X_gyro_features = np.column_stack((
    gyro_sliced[['X', 'Y', 'Z']].values,
    gyro_sliced[['rms_X', 'rms_Y', 'rms_Z']].values,
    gyro_sliced[['skew_X', 'skew_Y', 'skew_Z']].values,
    gyro_sliced[['entropy_X', 'entropy_Y', 'entropy_Z']].values,
    gyro_sliced[['fft_X', 'fft_Y', 'fft_Z']].values,
    gyro_sliced[['peaks_X', 'peaks_Y', 'peaks_Z']].values,
    gyro_sliced[['stft_X', 'stft_Y', 'stft_Z']].values
))

# ZIP 파일 열기
with zipfile.ZipFile(uci_har_zip_path, 'r') as zip_ref:
    # ZIP 파일 내의 y_train.txt 파일을 불러옴
    with zip_ref.open('UCI HAR Dataset/train/y_train.txt') as y_train_file:
        y_train = pd.read_csv(y_train_file, header=None).values.flatten()

# 확인
print(f"y_train shape: {y_train.shape}")

# 라벨 데이터에서 최소값이 1이므로, 모든 값을 1씩 감소시켜 0부터 시작하도록 변환
y_train_upsampled = np.repeat(y_train, 2)  # 레이블을 2배로 확장
if y_train_upsampled.min() > 0:  # 라벨 값이 1부터 시작하면 1씩 감소
    y_train_upsampled = y_train_upsampled - 1

# 데이터셋을 학습용과 검증용으로 나누기
X_train_features, X_val, y_train_upsampled, y_val = train_test_split(X_train_features,
                                                                     y_train_upsampled,
                                                                     test_size=0.2,
                                                                     random_state=42)

# 검증 세트의 라벨도 같은 방식으로 변환
if y_val.min() > 0:  # 라벨 값이 1부터 시작하면 1씩 감소
    y_val = y_val - 1

# 데이터 차원 확장 (batch_size, sequence_length, input_size)
X_train_features = X_train_features.reshape(X_train_features.shape[0], 1, X_train_features.shape[1])
X_val = X_val.reshape(X_val.shape[0], 1, X_val.shape[1])

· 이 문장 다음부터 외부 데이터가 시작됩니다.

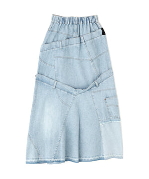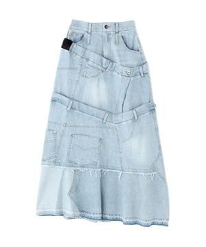 前後関係なく繋げたリメイク風のスカートはまるで4枚のスカートを重ねたような目を惹くデザイン。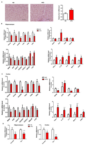 In this study, the protein level and relative mRNA expression of ionized calcium binding adaptor molecule 1 (Iba-1), a marker of activated microglia, was measured using IHC and RT-PCR, respectively [25]. The results showed that long-term HFD consumption could significantly induce the expression of Iba-1 in the cortex (Figure 9A). The mRNA levels of genes related to synaptic-plasticity (PSD-95 and FXR1), neuronal development (FXR2 and TDP2), NMDA receptor GluN2B, and AMPA receptor GluA2 in the hippocampus and prefrontal cortex of HFD-fed mice were lower than those in mice fed with ND (Figure 9B,C). Moreover, the mRNA levels of the genes involved in microglia maturation (MAFB, CD31, F4/80, and CSF1R), microglia-neuron interaction (BDNF, NGF, DAP12, CX3CR1, and CX3CL1), microglia activation (GSK3B and FYB), neuroinflammatory cytokines (TNF-α, IL-1β, IL-6, MCP-1, and CD-68) were also evaluated in hippocampus and prefrontal cortex. Prolonged HFD treatment lowered the levels of BDNF, NGF, DAP12, and CX3CL1 but increased CD31, TNF-α, IL-1β, IL-6, MCP-1, and CD-68 in both hippocampus and prefrontal cortex (Figure 9B,C). Apart from the changes in microglia and synaptic markers, the mRNA levels of tight junction proteins involved in BBB were also evaluated. The results revealed that the expression levels of ZO-1 and occludin in the hippocampus and prefrontal cortex were attenuated in mice fed with HFD for a long time than in mice fed with ND (Figure 9D). These findings indicated that long-term HFD could result in synaptic impairment, disruption of microglia function, and decreased expression of tight junction proteins in the hippocampus and prefrontal cortex.

# TensorDataset 및 DataLoader 정의
train_dataset = TensorDataset(torch.tensor(X_train_features, dtype=torch.float32), torch.tensor(y_train_upsampled, dtype=torch.long))
val_dataset = TensorDataset(torch.tensor(X_val, dtype=torch.float32), torch.tensor(y_val, dtype=torch.long))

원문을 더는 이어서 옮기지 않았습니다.